When we were in Curaçao, there was an ambitious, ongoing attempt to develop tourism, especially along the southwest coast below Willemstad, and there were some wonderfully diverting attractions up and running, such as the Curaçao National Underwater Park and the Seaquarium. But the beaches were short and often man-made, and most of the hotels seemed better suited to the needs of business conventioneers than families on vacation or couples gone a-courting.
For us, after Aruba’s beach-resort glitz and Bonaire’s rustic simplicity, the city of Willemstad on Curaçao was a welcome change. It was a real international city, a deepwater port, one of the largest in the world, with good restaurants, mainly French and Indonesian, attractive seventeenth- and eighteenth-century town houses and public buildings, bustling narrow streets that wound around the port and crossed from one side to the other on lovely bridges. All day long, people of all races, from all continents, pushed along the crowded sidewalks with an urgency you rarely saw in the Caribbean—there were deals to be made here, goods to buy and sell, numbers to move from one column to the next.

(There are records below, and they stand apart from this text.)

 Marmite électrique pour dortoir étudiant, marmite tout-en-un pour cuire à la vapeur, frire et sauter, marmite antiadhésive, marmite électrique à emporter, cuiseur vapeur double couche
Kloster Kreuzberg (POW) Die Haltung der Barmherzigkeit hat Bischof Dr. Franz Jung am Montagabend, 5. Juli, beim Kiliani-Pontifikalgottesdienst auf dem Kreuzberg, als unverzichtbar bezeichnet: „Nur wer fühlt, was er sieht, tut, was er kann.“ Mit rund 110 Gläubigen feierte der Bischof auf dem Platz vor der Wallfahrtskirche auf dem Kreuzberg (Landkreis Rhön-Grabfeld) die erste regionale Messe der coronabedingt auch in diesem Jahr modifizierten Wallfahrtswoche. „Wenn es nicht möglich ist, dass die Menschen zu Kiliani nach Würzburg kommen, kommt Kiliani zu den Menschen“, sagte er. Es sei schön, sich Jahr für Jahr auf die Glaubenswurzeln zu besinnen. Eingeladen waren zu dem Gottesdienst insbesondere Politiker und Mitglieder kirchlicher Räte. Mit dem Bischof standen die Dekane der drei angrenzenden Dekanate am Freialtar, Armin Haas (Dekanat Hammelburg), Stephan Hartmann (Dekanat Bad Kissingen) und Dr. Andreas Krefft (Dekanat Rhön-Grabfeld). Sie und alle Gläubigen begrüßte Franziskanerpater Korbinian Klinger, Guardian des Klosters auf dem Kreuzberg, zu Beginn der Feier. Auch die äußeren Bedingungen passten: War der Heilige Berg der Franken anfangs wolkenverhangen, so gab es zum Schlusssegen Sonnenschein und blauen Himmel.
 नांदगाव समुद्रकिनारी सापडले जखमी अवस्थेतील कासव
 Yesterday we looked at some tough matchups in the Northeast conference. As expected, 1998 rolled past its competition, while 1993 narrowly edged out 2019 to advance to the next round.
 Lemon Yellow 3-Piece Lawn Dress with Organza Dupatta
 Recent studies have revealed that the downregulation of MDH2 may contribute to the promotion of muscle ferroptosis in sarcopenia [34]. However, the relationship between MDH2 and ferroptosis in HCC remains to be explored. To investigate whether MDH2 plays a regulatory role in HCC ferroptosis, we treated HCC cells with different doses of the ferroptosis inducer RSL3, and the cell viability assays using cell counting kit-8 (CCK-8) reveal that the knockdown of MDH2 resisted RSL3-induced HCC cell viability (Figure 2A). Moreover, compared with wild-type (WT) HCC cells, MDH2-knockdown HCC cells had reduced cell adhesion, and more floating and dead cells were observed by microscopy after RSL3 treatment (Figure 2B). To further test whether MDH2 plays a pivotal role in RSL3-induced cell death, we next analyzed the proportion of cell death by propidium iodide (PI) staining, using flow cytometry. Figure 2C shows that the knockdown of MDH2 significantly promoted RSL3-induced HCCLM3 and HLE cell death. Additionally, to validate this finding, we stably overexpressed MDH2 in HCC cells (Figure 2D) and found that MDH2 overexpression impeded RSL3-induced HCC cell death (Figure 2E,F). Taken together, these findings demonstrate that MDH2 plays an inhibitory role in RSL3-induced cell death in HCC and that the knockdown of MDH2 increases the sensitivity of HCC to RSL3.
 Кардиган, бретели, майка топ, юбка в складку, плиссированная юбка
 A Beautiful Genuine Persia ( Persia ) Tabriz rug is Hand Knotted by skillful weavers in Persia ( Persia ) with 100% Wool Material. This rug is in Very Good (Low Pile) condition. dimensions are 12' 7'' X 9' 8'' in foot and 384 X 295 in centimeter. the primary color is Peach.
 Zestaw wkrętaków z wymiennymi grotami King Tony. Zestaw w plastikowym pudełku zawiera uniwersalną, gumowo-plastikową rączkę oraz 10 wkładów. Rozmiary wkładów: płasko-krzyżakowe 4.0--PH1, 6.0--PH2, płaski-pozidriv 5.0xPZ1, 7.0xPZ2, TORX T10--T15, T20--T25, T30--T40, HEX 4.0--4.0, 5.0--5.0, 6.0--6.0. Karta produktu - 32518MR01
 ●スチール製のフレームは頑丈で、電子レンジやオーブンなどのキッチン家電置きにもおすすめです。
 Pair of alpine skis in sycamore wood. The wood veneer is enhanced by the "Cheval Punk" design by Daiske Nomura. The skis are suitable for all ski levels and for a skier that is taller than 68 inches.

But then night fell, and the city of Willemstad turned into a quiet, languorous Caribbean port where folks strolled slowly past their neighbors’ doors under moon-silvered palms or sat and gossiped over rum in dimly l
it taverns or, later, before bed, opened the shutters of their rooms to the cool evening breeze and gazed across the sea at the dark coast of Venezuela’s Paraguaná Peninsula and the continent beyond and contemplated the tangled, bloody history and destiny of the tropics. I imagined Arawak families, fishermen and farmers, emerging from the South American continent’s muddy rivers and deltas and crossing the silvery sea in their long canoes in a northerly direction, moving island by island up the chain, building villages in the bays and worshiping their gods in secret hillside caves. I watched the fierce Carib warriors come along behind them, conquering and pillaging and eventually being absorbed by the culture of their victims. Soon, from the east, came the Spanish in their galleons, searching for gold, enslaving the people they mistakenly called Indians, for they were lost and thought they had landed in India, and in their blind lust for gold they soon exterminated the entire native population. Behind them came the privateers and corsairs of other European nations, some of them landing and setting up as traders and planters, but most of them sailing farther west to steal stolen Spanish gold and topple Spanish power on the continent. Gradually, the Europeans agreed to divide the islands among themselves, and they enslaved and imported Africans, and began to plant spices, tobacco, coffee, and then sugar, one of the most labor-intensive industries known to man, requiring more and still more slaves to work the fields and turn the green cane into white powder and rum, until the entire region was caught in the eye of a cruel economic storm that swirled from Africa to the Caribbean to North America back to Europe.
In time, the North Americans and Europeans ceased to need the Caribbean for sugar, and the storm broke up; the African slaves, replaced by impoverished workers from India, were no longer transported here, and the long decline into desuetude and abject poverty began; until modern times, when the islands became small, more or less independent nation-states themselves, and once again a new economic storm began to swirl, and the region filled with North Americans and Europeans again, not conquerors this time, but visitors whose needs could be met only to a point before they threatened these azure seas and emerald-green isles, destroying their environment and dissipating their culture.